EXERCISE DETAILS
Copy out, from the data below, each line in which the word "featuring" occurs.

SUPPLIED DATA section start

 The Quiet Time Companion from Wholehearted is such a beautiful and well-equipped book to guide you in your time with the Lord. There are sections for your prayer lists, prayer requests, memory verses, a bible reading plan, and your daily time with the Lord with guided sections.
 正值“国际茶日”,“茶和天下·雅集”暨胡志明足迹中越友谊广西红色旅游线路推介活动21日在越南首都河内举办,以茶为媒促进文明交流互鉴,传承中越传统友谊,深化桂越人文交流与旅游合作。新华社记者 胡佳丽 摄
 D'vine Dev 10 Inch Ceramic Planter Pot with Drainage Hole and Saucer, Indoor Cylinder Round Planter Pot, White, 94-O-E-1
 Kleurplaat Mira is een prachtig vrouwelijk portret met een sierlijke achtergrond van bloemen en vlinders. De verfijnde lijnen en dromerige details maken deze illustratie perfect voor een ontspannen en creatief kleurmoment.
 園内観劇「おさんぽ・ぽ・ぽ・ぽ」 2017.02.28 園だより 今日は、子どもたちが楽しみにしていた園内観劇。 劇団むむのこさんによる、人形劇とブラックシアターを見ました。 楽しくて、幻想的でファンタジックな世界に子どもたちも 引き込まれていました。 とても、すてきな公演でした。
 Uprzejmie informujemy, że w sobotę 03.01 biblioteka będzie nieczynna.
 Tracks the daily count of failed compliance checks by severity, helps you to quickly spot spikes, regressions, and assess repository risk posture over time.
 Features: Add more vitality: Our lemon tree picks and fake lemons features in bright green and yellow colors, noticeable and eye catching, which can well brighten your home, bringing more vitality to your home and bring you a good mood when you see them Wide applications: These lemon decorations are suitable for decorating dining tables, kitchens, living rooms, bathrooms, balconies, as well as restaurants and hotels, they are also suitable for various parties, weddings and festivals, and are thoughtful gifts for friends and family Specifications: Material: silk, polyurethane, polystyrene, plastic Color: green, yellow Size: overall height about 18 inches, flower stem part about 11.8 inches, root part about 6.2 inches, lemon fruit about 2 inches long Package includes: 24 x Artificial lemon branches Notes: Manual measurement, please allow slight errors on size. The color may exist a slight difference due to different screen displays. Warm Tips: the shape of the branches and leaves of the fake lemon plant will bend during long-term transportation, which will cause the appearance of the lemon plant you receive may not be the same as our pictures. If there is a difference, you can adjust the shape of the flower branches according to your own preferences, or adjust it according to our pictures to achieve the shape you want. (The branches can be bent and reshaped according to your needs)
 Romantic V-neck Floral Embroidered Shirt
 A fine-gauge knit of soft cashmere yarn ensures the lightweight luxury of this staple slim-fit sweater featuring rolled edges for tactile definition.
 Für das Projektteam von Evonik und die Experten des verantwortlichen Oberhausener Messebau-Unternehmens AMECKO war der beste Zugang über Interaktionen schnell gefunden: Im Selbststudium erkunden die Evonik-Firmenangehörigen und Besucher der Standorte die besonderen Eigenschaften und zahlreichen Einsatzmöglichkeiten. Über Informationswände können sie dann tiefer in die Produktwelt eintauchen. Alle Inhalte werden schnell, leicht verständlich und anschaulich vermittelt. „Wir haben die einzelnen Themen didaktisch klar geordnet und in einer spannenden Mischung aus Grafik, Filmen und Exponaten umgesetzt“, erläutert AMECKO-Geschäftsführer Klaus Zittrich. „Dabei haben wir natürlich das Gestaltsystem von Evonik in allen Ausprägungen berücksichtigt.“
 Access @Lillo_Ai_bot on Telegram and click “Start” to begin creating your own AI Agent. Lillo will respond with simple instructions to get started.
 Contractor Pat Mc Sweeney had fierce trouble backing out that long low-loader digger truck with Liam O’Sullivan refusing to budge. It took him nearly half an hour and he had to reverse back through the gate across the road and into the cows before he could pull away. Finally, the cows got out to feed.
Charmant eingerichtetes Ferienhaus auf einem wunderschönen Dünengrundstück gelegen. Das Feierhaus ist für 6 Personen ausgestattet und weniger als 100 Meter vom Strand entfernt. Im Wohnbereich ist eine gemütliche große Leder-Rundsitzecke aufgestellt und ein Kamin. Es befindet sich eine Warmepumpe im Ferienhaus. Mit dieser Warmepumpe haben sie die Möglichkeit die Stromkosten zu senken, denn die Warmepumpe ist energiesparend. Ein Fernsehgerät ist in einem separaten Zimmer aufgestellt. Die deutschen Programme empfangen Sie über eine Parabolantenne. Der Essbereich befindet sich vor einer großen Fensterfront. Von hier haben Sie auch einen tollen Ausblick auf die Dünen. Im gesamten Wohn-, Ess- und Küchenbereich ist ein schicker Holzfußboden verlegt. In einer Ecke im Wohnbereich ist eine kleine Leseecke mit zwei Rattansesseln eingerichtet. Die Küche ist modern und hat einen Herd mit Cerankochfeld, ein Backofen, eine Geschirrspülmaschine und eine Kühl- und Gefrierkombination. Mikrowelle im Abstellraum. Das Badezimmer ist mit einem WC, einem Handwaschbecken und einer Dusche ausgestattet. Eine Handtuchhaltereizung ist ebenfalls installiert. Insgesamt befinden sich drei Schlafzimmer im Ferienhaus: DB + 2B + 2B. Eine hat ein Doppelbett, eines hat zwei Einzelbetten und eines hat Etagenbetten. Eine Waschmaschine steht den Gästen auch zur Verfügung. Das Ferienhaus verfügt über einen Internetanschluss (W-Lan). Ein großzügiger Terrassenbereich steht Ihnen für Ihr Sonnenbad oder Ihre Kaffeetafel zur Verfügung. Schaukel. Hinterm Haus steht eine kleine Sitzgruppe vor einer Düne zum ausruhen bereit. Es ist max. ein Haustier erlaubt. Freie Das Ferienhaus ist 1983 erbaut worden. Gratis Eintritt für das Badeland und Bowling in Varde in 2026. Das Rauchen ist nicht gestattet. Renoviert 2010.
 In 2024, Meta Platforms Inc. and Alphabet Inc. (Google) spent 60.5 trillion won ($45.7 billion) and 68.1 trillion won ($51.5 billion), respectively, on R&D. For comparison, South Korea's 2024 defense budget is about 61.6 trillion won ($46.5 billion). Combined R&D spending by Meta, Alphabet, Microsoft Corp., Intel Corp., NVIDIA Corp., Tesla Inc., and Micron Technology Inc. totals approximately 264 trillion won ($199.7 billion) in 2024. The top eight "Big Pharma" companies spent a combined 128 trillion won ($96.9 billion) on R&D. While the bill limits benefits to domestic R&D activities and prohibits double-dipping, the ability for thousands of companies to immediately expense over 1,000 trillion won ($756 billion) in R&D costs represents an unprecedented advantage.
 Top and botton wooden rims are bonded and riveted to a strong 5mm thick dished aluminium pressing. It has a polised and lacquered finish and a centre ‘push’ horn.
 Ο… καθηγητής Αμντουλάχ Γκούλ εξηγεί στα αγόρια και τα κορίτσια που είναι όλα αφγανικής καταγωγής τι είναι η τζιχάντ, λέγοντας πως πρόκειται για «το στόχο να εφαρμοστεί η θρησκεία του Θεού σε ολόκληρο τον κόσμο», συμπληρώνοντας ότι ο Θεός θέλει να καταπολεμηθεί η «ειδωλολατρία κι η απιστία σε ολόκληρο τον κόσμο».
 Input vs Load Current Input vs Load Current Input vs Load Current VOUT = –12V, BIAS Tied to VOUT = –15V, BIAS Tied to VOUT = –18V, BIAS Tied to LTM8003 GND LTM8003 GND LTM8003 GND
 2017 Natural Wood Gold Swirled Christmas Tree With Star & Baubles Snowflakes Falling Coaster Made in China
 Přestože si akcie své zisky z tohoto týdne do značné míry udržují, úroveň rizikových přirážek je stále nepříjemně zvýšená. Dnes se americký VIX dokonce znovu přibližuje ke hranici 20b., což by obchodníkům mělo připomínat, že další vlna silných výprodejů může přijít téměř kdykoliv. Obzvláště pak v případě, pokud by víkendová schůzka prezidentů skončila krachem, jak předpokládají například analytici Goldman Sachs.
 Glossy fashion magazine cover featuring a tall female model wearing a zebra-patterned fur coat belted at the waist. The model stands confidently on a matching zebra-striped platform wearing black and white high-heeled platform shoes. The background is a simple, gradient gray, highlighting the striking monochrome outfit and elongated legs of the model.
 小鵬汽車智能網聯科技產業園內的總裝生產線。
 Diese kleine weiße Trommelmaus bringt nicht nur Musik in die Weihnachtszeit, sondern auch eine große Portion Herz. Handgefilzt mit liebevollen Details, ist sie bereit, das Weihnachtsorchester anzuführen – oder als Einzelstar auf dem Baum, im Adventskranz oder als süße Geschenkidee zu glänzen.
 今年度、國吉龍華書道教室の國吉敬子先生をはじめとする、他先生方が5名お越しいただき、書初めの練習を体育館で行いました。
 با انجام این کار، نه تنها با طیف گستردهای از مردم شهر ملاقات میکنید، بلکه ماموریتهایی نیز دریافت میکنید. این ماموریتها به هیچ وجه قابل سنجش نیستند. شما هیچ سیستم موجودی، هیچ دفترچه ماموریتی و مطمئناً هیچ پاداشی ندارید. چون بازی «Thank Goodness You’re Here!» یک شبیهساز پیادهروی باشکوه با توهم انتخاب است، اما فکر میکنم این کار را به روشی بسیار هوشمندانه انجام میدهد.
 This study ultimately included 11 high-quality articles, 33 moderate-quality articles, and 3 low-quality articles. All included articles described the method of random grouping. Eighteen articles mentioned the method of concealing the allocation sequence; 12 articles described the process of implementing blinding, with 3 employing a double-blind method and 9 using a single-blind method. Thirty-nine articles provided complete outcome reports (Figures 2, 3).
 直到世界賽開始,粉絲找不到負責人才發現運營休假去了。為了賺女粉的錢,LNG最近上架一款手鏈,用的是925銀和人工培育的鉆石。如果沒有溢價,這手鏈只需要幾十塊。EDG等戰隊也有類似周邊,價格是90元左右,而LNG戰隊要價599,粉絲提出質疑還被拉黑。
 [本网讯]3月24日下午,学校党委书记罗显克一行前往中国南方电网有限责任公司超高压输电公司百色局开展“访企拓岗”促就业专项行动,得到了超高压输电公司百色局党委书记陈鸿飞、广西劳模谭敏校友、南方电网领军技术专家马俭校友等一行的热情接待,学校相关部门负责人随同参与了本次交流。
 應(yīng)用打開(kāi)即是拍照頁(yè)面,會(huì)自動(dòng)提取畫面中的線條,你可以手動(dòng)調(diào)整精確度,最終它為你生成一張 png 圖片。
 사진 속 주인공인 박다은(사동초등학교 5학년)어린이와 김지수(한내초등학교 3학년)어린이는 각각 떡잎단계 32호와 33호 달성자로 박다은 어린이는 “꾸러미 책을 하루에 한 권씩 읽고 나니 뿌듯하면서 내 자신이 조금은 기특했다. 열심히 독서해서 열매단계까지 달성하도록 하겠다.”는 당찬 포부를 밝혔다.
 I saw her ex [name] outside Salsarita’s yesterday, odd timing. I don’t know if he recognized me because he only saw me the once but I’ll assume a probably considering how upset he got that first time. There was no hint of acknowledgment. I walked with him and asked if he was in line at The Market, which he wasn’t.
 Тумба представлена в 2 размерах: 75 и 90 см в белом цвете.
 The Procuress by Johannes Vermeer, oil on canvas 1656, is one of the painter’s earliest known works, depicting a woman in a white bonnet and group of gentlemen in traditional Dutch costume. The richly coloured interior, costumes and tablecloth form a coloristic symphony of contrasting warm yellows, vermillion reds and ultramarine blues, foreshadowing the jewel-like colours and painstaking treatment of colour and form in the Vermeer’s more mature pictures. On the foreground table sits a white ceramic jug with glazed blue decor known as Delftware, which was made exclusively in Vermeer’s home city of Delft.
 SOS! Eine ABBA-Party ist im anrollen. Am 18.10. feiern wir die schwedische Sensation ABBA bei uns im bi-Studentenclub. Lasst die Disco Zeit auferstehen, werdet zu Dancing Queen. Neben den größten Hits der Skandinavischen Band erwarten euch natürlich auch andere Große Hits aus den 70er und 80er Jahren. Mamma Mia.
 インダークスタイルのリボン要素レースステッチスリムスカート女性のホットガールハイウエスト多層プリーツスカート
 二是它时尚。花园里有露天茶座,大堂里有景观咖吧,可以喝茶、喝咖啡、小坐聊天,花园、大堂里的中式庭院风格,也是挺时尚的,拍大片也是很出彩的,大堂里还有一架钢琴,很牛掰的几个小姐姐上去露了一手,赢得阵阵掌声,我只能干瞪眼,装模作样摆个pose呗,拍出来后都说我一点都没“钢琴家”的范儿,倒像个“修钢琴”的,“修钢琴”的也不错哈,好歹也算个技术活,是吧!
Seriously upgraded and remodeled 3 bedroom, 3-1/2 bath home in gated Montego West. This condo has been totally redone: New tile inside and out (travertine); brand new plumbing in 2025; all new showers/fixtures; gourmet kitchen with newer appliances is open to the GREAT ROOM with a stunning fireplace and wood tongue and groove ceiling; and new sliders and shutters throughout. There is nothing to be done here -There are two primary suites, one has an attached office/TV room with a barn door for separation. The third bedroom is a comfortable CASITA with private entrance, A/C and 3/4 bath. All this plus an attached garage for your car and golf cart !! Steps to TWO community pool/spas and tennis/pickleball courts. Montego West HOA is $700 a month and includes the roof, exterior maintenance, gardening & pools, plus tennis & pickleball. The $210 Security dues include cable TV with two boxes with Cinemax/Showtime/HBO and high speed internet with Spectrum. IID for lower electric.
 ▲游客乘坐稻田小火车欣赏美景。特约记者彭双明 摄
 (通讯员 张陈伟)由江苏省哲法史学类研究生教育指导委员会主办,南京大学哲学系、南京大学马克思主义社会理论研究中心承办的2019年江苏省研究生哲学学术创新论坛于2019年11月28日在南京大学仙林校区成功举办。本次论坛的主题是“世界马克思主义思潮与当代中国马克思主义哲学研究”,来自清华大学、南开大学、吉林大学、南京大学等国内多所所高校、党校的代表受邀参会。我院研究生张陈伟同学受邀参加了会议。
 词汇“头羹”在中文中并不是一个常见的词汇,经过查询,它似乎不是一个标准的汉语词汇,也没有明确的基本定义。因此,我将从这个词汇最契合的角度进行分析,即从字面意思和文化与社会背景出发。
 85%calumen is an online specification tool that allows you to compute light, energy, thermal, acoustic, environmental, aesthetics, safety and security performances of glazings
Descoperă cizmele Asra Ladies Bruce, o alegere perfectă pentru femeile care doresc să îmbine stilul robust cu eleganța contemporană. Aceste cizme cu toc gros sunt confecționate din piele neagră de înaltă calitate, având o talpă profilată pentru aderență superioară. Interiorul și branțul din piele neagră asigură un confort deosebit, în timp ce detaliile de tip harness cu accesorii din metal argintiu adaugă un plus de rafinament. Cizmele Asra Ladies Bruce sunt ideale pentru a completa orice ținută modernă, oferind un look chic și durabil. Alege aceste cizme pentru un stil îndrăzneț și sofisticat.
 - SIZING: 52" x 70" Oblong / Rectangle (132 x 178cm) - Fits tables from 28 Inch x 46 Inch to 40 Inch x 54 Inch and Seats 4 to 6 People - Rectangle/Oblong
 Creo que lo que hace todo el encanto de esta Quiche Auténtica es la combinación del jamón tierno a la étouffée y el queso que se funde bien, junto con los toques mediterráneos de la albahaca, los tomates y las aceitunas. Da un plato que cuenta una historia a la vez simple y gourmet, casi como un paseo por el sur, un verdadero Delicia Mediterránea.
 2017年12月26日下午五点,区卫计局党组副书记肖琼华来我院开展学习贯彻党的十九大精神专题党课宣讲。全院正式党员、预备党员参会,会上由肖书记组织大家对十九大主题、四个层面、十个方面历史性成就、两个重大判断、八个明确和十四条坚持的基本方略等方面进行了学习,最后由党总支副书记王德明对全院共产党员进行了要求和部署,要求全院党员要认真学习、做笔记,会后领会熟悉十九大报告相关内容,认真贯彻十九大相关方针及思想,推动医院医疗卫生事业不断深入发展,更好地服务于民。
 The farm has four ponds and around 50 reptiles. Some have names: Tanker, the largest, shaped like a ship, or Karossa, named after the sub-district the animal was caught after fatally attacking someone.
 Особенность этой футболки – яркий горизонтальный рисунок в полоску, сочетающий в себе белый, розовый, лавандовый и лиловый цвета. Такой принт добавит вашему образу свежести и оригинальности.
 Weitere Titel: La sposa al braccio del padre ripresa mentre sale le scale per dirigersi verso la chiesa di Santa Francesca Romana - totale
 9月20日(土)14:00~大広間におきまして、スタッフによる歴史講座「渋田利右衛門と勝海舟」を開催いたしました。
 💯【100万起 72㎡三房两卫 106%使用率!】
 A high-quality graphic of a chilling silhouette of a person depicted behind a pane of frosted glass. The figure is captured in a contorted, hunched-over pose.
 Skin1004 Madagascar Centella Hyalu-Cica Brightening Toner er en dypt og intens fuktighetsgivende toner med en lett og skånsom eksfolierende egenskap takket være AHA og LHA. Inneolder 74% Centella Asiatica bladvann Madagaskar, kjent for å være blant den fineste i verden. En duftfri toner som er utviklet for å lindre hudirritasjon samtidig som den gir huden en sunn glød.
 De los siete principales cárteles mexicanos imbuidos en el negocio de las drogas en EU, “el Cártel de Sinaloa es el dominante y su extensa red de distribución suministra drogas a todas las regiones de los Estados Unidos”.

SUPPLIED DATA section end

OUTPUT
 A fine-gauge knit of soft cashmere yarn ensures the lightweight luxury of this staple slim-fit sweater featuring rolled edges for tactile definition.
 Glossy fashion magazine cover featuring a tall female model wearing a zebra-patterned fur coat belted at the waist. The model stands confidently on a matching zebra-striped platform wearing black and white high-heeled platform shoes. The background is a simple, gradient gray, highlighting the striking monochrome outfit and elongated legs of the model.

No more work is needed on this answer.